November 5, 2009 in dublin, engrish, Ex-Patriate Games, My Funny Irish Friend, spazarific

Sean’s mother: Bring some of the chocolate cake on the train with you. It’s a long ride back up to Dublin.

Liv: Oh, I’m fine. Thank you!

Sean’s mother: Ah, go on, sure. 

Sean: Yeah, go on. Bring some cake witcha. 

Sean’s brother: Do you want some cards to bring with you on the trip?

Liv: Oh, I don’t know. Do carrots really go with cake?

*

Shopkeeper: Are you all right, there?

Liv: Yeah, I’m fine. Why? 

*

Sean to his mother on the phone: Grand, grand. Liv’s grand, too, but she’s just after giving out to me.

Liv: Oh my god! What! What! What? What are you telling your mom?

Sean: Settle down, will ya? I’m after telling her how you yelled at me for not taking out the rubbish. 

*

Sean: Well, what did you think of my friend, Bill?

Liv: He was nice.

Sean: You didn’t understand a word he was saying, did you? That’s a real Cork accent he has there, b’hoy.

Liv: Not … a … word. 

 

 

Do de Hassle

July 3, 2009 in engrish, Ex-Patriate Games, I'm Learning Japanese ... I Really Think So

With Sean in Cork, I don’t get to analyze a person’s accent much these days. Enter: a 2-week long visit with my parents! My parents have been speaking English for nearly 35 years. After all that time, you’d expect them to be fluent – and they are – but sometimes, the flaws in their fluency come through. Since they speak to me in Italian over the phone, I’ve rarely heard them speak English since I moved out of the house. Sometimes, when it’s been a while, I forget that English is their third language until I hear them speak. A small sample of my Guatemalan dad’s pronunciation quirks:

  • dump/jump/plump/etc = domp/jomp/plomp. Colomboss Circle really used to be the domps.
  • snail/stop/sell/etc = eh-snail/eh-stop/eh-sell. I keep getting all this jonk mails. Who are this eh-sexy eh-slots and why are they mailing me?
  • bus/fuss/just = bass/fass/jast. In the 70s, The Jackson 5 and ABBA were popular, as well as De Hassle. The who, dad? You know; do de Hassle ….

Idioms:

  • “global warming” = “global warning”
  • “kid in a candy store” = “pig in a candy store.”

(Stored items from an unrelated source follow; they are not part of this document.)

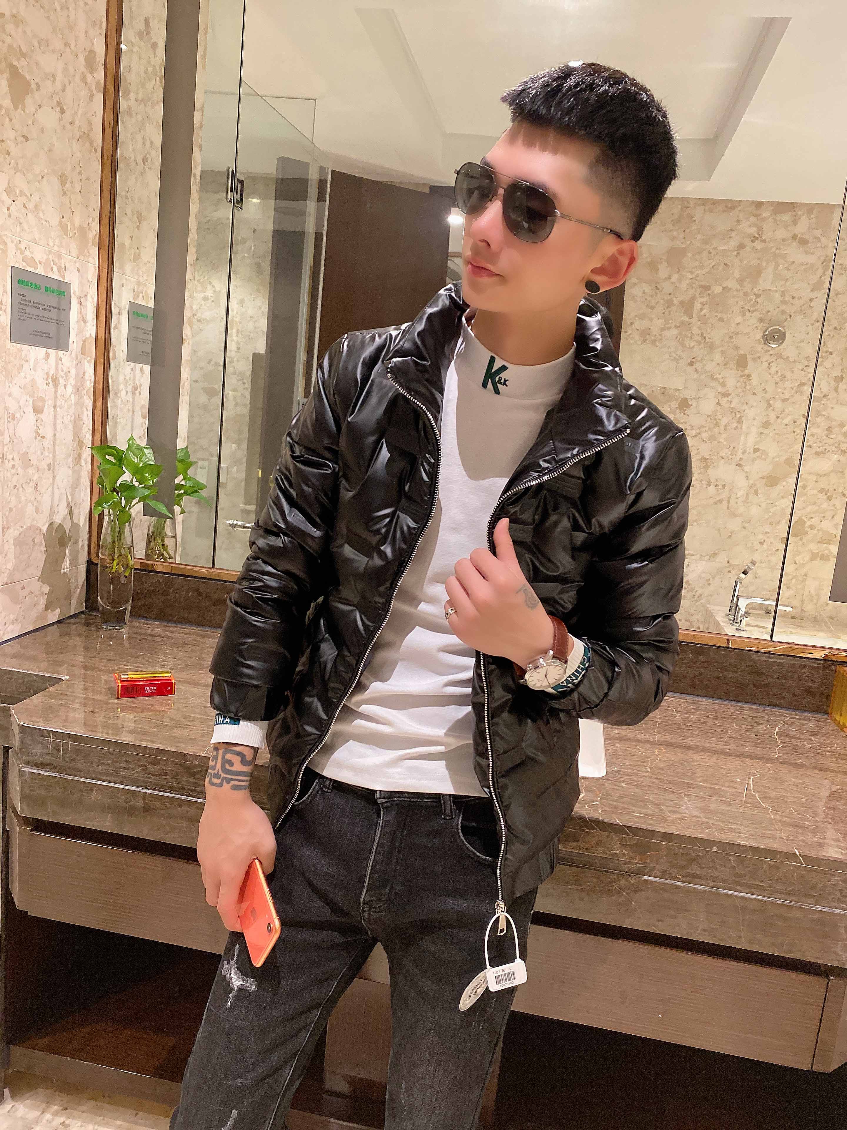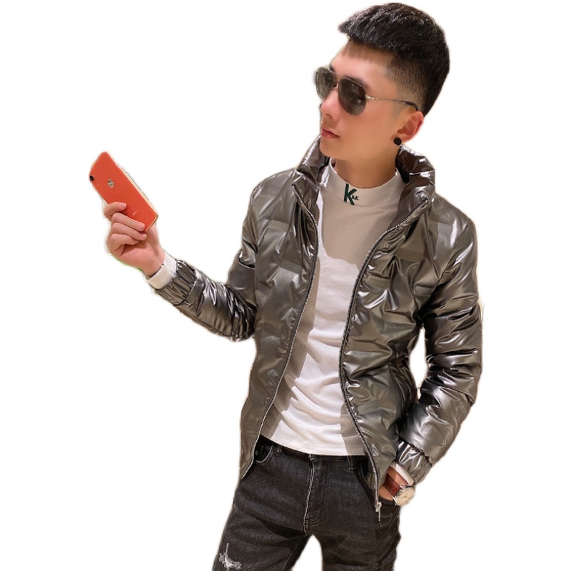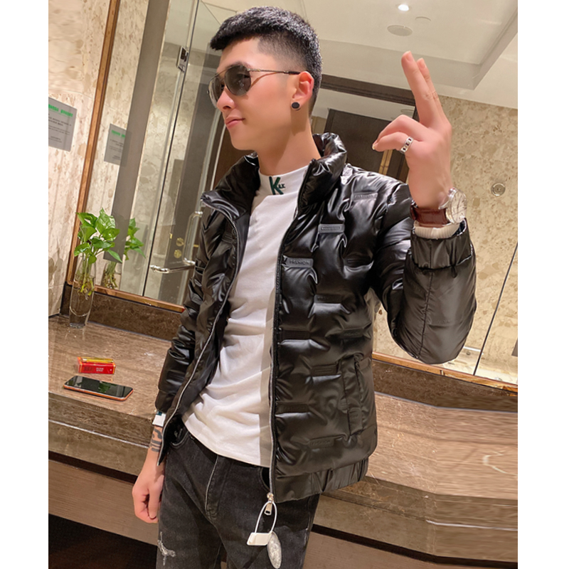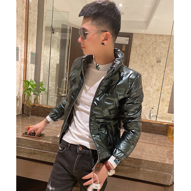 Spiritual guy slimming bright face down jacket youth outer wear vitality cotton clothing trendy men's stand-up collar thickened coat tops for men
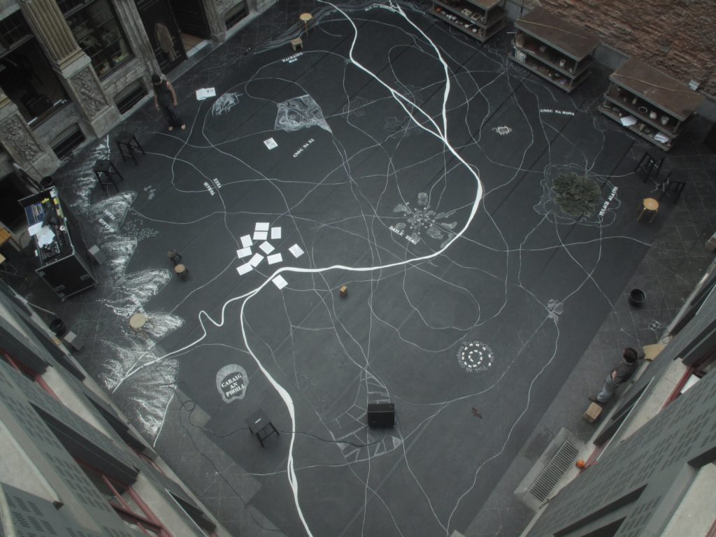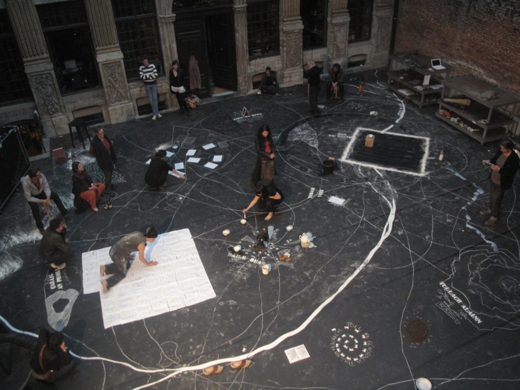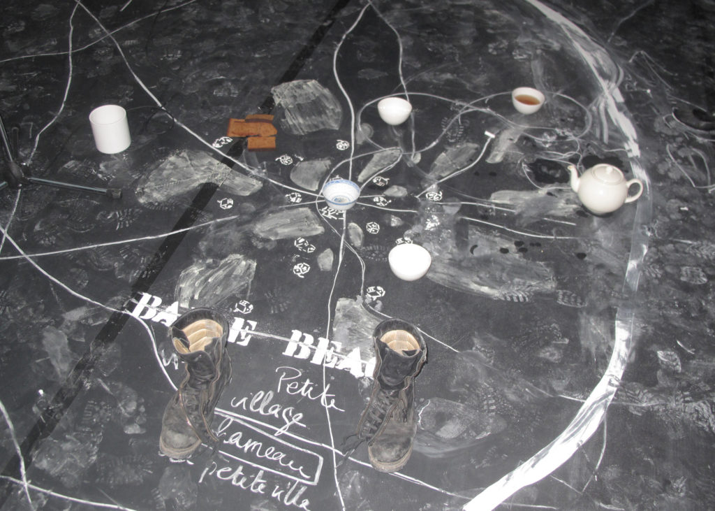 Comme un laboratoire de chercheurs ou d’archéologues, comme les ouvriers du drame de Valère Novarina, nous déployons la carte d’une pièce, et observons ses éléments. Des fils apparaissent et construisent un nouveau territoire. A partir de Translations de Brian Friel, Terrain est la tentative de se trouver au carrefour de l’exposition et du théâtre, la mise en commun d’un espace qui n’est plus propriété des acteurs mais se laisse boulverser par les corps des invités.
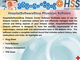 HospitalSoftwareshop offers dialysis center software that enhances patient care and manages clinical and billing operations efficiently. The software is tailored for nephrologists and clinic staff, providing features like patient records management, billing generation, and easy access to clinical data. Additionally, the company provides a wide range of healthcare software solutions and is expanding its presence both in India and internationally.
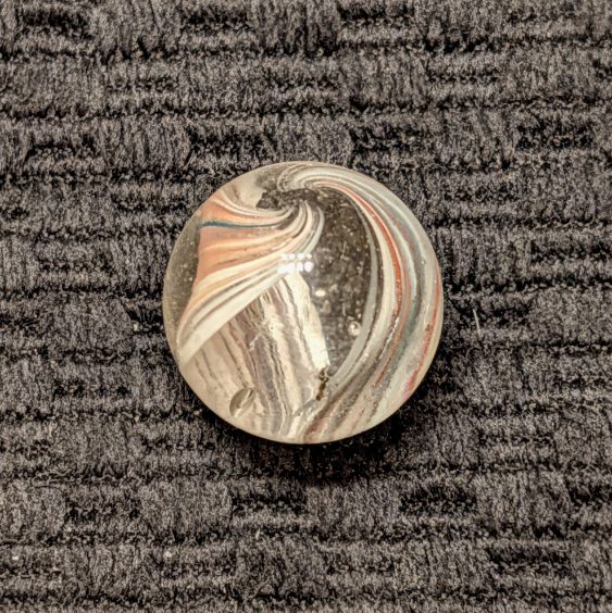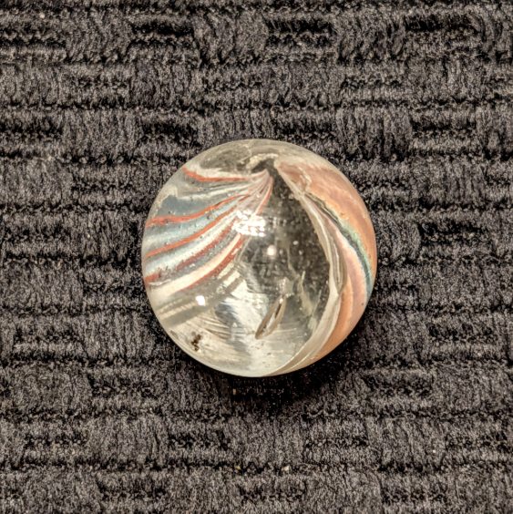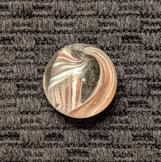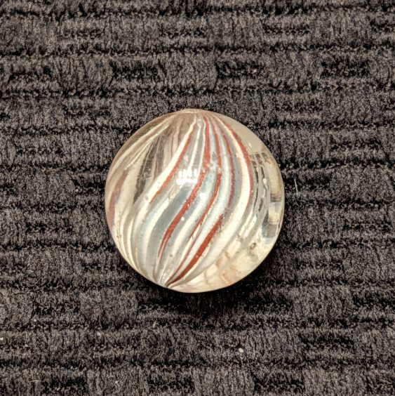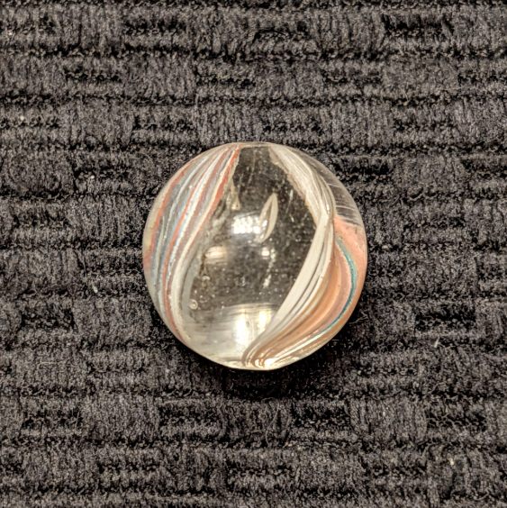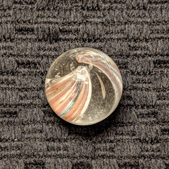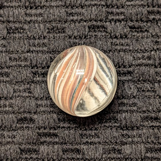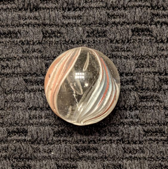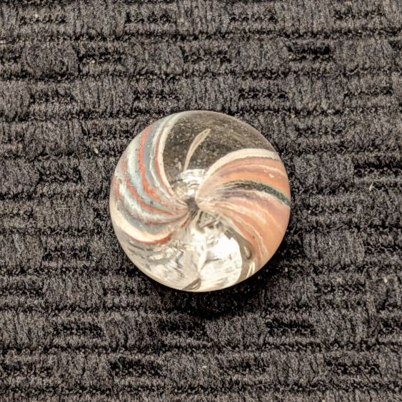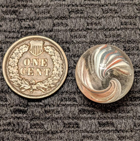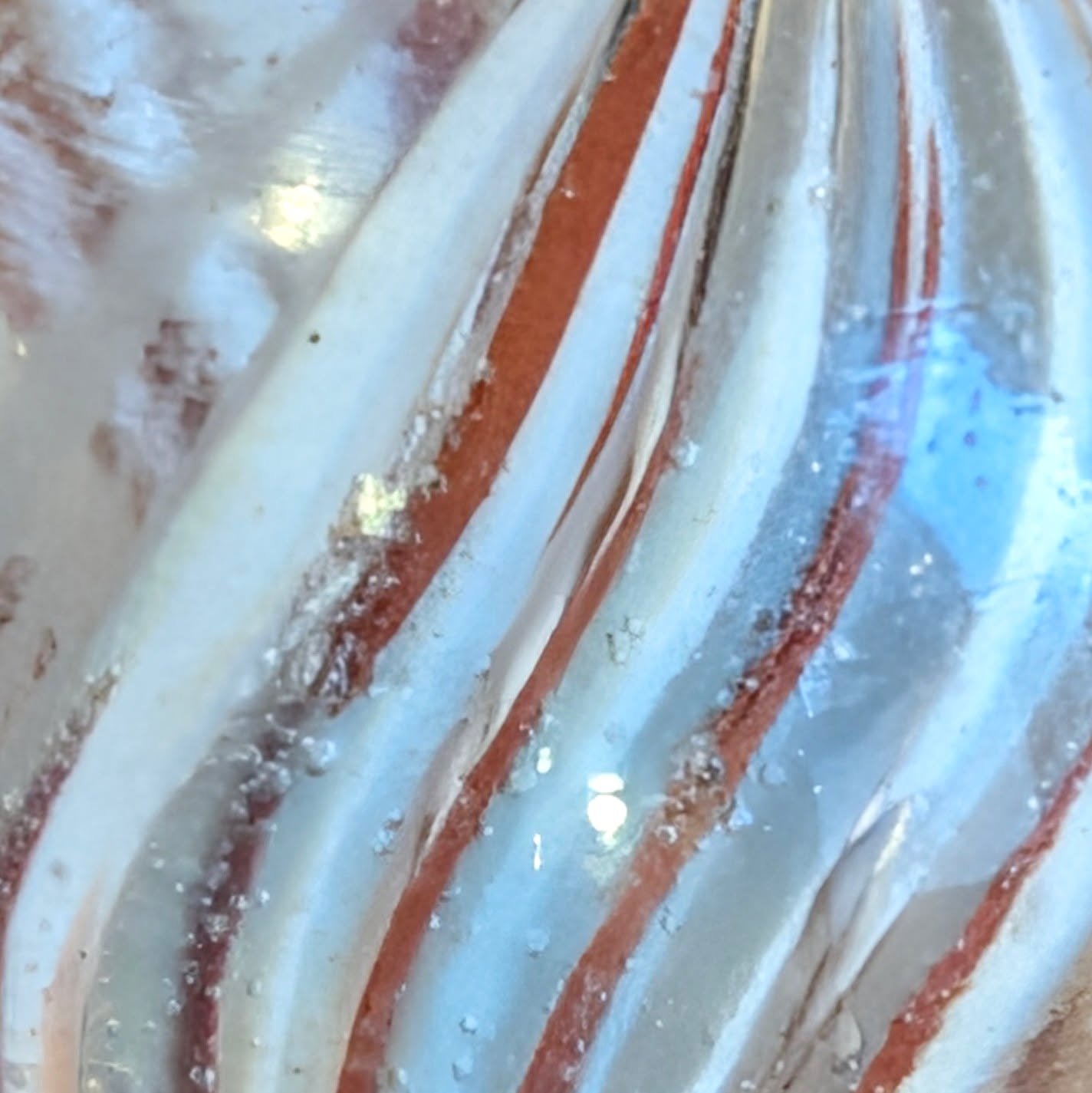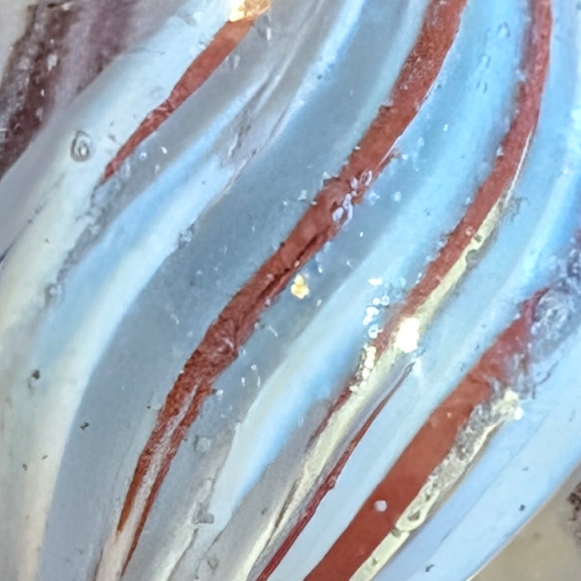 Very Rare Double Ribbon Onionskin w/ an Oxblood, Blue, White & Mica Onionskin Razor Ribbon and an opposed Pink & Blue over White Onionskin Razor Ribbon, and open panels between them. This is one of the rarest and seldom seen type of onionskin ever made that breaks the rules of onionskins, as highlighted in YouTube’s Keepers of the Marbles Onionskin Series (video 6). Very early period, circa 1850 and shortly after. Faceted pontil. Wet Mint. Coin not included. Here’s a chance to own a true museum quality rarity. From my personal collection.

Spelling, as discovered through IMs:

  • “yuppies” = “yappies.” There is a new Applebease [sic] in town and all the yappies were there.
  • “Thanksgiving” = “Thanksgiven”

My Italian mother has an easier time of it; her accent is quite good and her pronunciation issues are only limited to the inclusion of “l” in “salmon,” “h” in “graham,” or “o” in “leopard.” Sometimes, though, she too confuses her idioms and phrases:

  • Bumble Fork = Fork Wood. They kidnapped your cousin’s son and left him in the middle of Fork Wood.
  • [Pizza Hut] Pan Pizza = Pizza Pan. Hi, yes. I’d like to order one Pizza Pan with mushrooms.
  • Hearts of palm = palmetto hearts
  • Milk cartons = milk cartoons

When she spells, she tends to follow Italian rules, resulting in sentences like Hei! Uao! I really liked the pictures of the lasagna. It looked gnammy!

My parents love to jeer at each other’s English mistakes almost as much as they laughed at my own Italian and Spanish errors when I was a child. That’s right, my own – lest you think I was just mean-spiritedly picking on my parents as though my own eh-sheet didn’t eh-steenk. Four words for you: I eat my pigeon. But it’s all good. The mistakes you make in a foreign language sometimes help you learn, and sometimes remind you of how far you’ve come.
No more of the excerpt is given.